◆ **The task**
Your task is to give the listing below back word for word, pictures excluded.

◆ **Dataset excerpt**
•••••
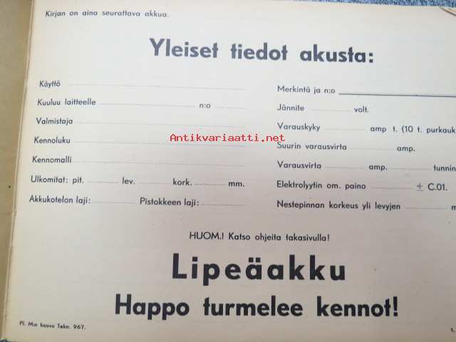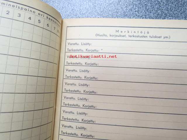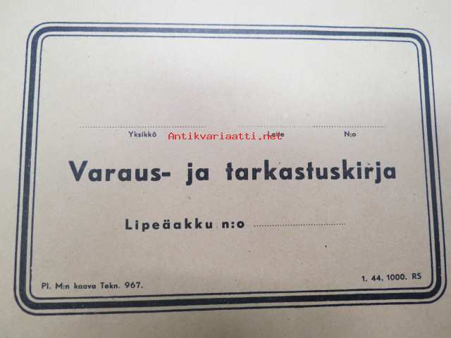 Varaus- ja tarkastuskirja lipeäakku nr -sota--aikainen kalustopäiväkirja, käyttämätön
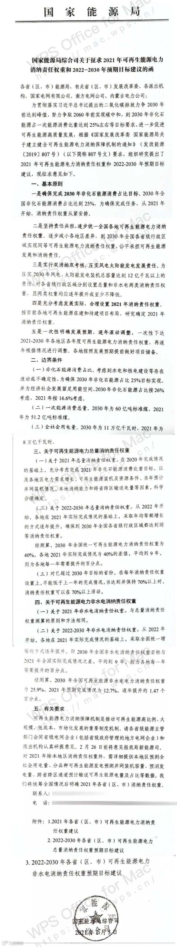 2月5日,为确保完成2030年非化石能源占一次能源消费比重达25%左右等目标要求,进一步促进可再生能源高质量发展,根据《国家发展改革委国家能源局关于建立健全可再生能源电力消纳保障机制的通知》(发改能源〔2019〕807 号)(以下简称 807 号文)要求,国家能源局对2021年可再生能源消纳责任权重目标和2022-2030年预期目标作出建议征集。
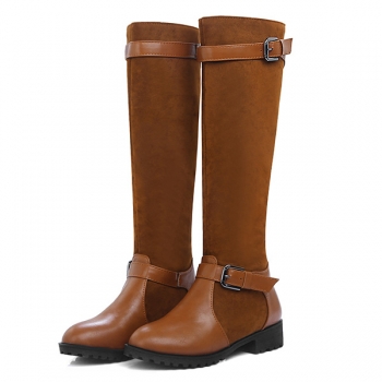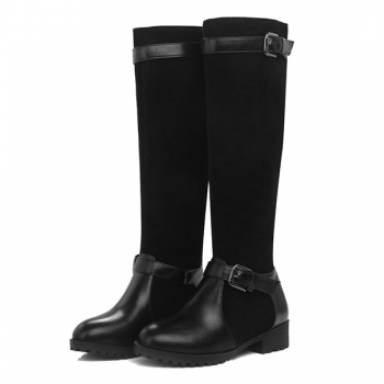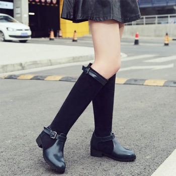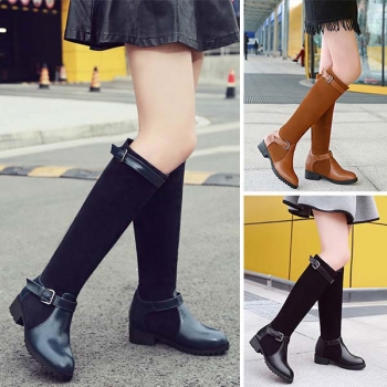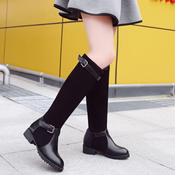 Retro Style Flat Heel Round Toe Knee-length Boots
•••••
◆ **Output for this task**
 Varaus- ja tarkastuskirja lipeäakku nr -sota--aikainen kalustopäiväkirja, käyttämätön
 2月5日,为确保完成2030年非化石能源占一次能源消费比重达25%左右等目标要求,进一步促进可再生能源高质量发展,根据《国家发展改革委国家能源局关于建立健全可再生能源电力消纳保障机制的通知》(发改能源〔2019〕807 号)(以下简称 807 号文)要求,国家能源局对2021年可再生能源消纳责任权重目标和2022-2030年预期目标作出建议征集。
 Retro Style Flat Heel Round Toe Knee-length Boots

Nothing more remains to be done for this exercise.